3. Original Array Output: A for loop iterates through the array and prints its elements, showing the unsorted state.
4. Outer Loop (Passes): The first for loop runs n-1 times. Each iteration of this loop represents a "pass" through the array. In each pass, at least one element "bubbles up" to its correct sorted position.
5. Inner Loop (Comparisons and Swaps): The second, nested for loop iterates through the unsorted portion of the array.

• It compares adjacent elements (arr[j] and arr[j+1]).
• If arr[j] is greater than arr[j+1], their values are swapped.
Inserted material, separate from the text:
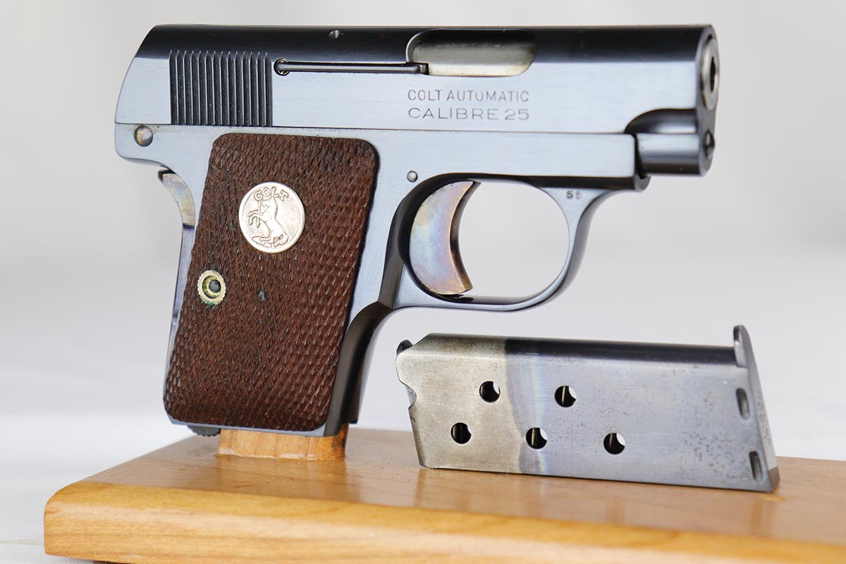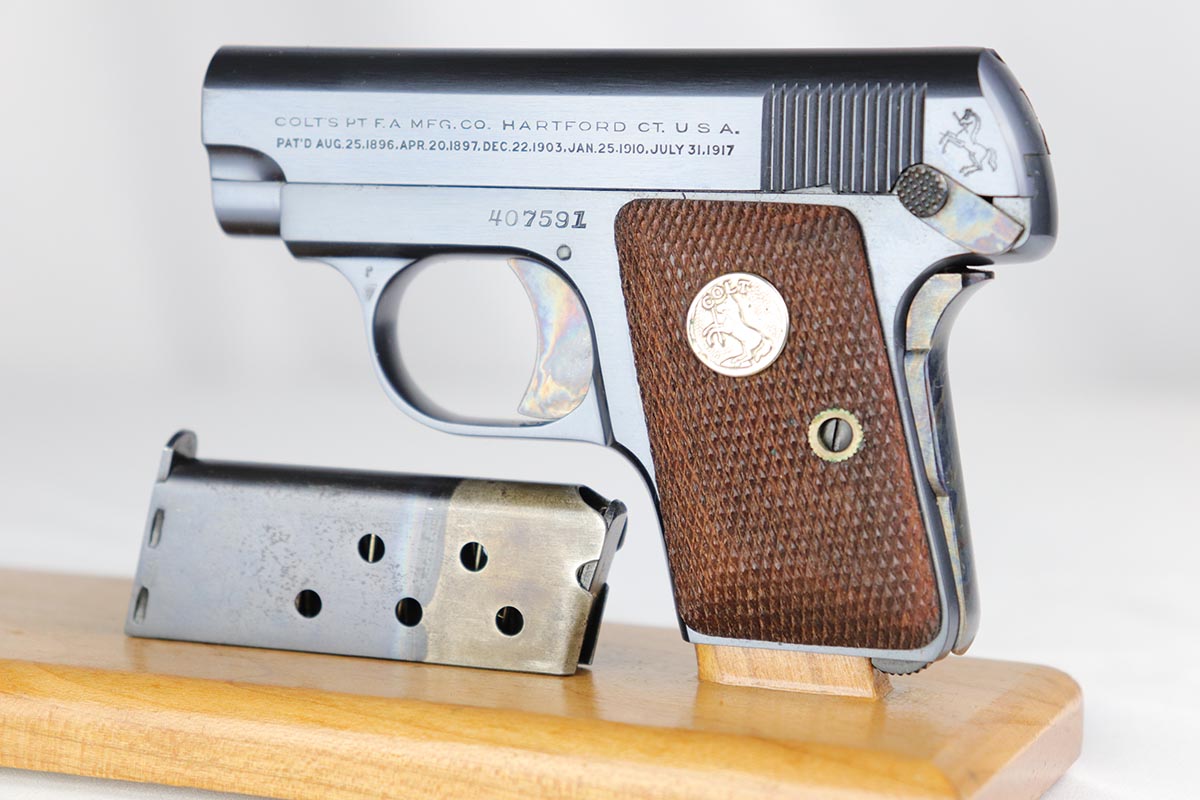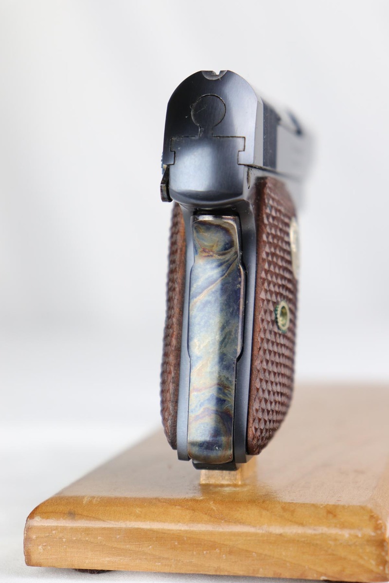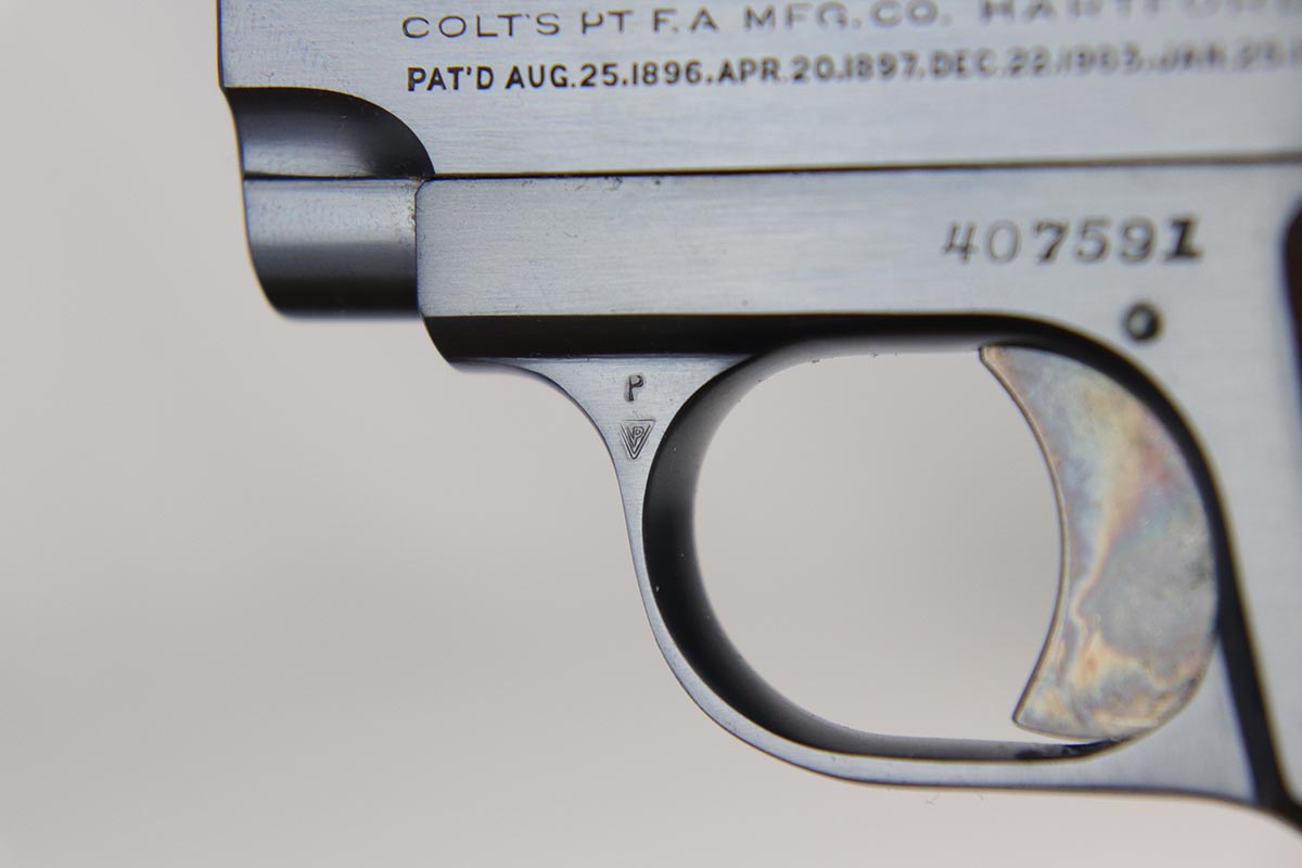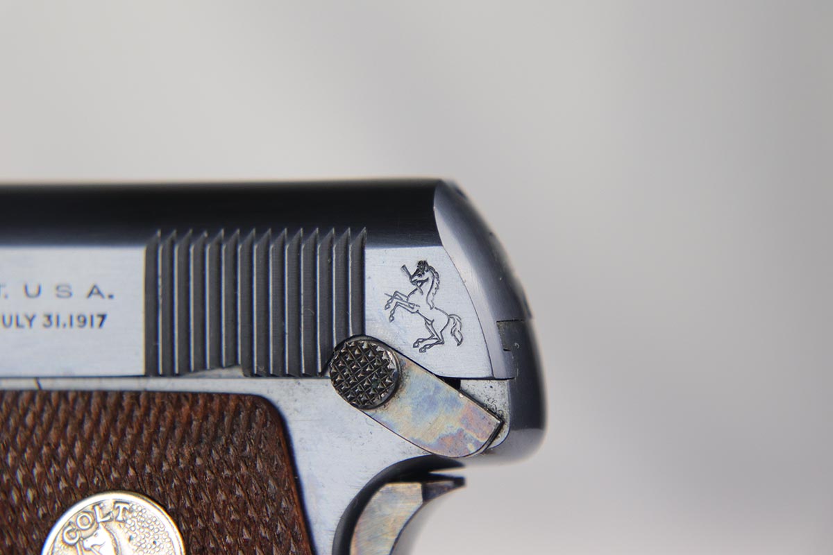 3/13/18 – This is a like new-in-box Colt model 1908 Pocket Pistol. The pistol is in superb condition with the original colt bluing and fire blued grip safety and trigger in minty condition. The grips are similarly mint with sharp edges and no issues. The original Colt box is not numbered to the gun, but has all original labels and is correct for this pistol – most likely is the original box the gun came in. The bore is similarly mint with no notable flaws. Guaranteed original.

This is done using a temporary variable temp to hold one value while the swap occurs.
• The n - i - 1 in the inner loop's condition ensures that comparisons stop at the last unsorted element, as elements at the end become sorted with each outer pass.

1. Sorted Array Output: After the nested loops complete, the array arr will be fully sorted in ascending order. Another for loop prints the elements of the now-sorted array.
2. Return 0: The main function returns 0 to signify successful program execution.

Conclusion

Implementing Bubble Sort without using separate functions is straightforward, particularly for understanding its core logic. By nesting two for loops and performing conditional swaps within main, we can effectively sort an array. This approach highlights the algorithm's simplicity and direct application of array and loop fundamentals.

Summary

• Bubble Sort sorts an array by repeatedly stepping through the list, comparing adjacent elements and swapping them if they are in the wrong order.
• The implementation involves nested for loops: an outer loop for passes and an inner loop for comparisons and swaps.
• A temporary variable is crucial for correctly swapping elements.
• While simple to understand and implement, Bubble Sort is generally inefficient for large datasets.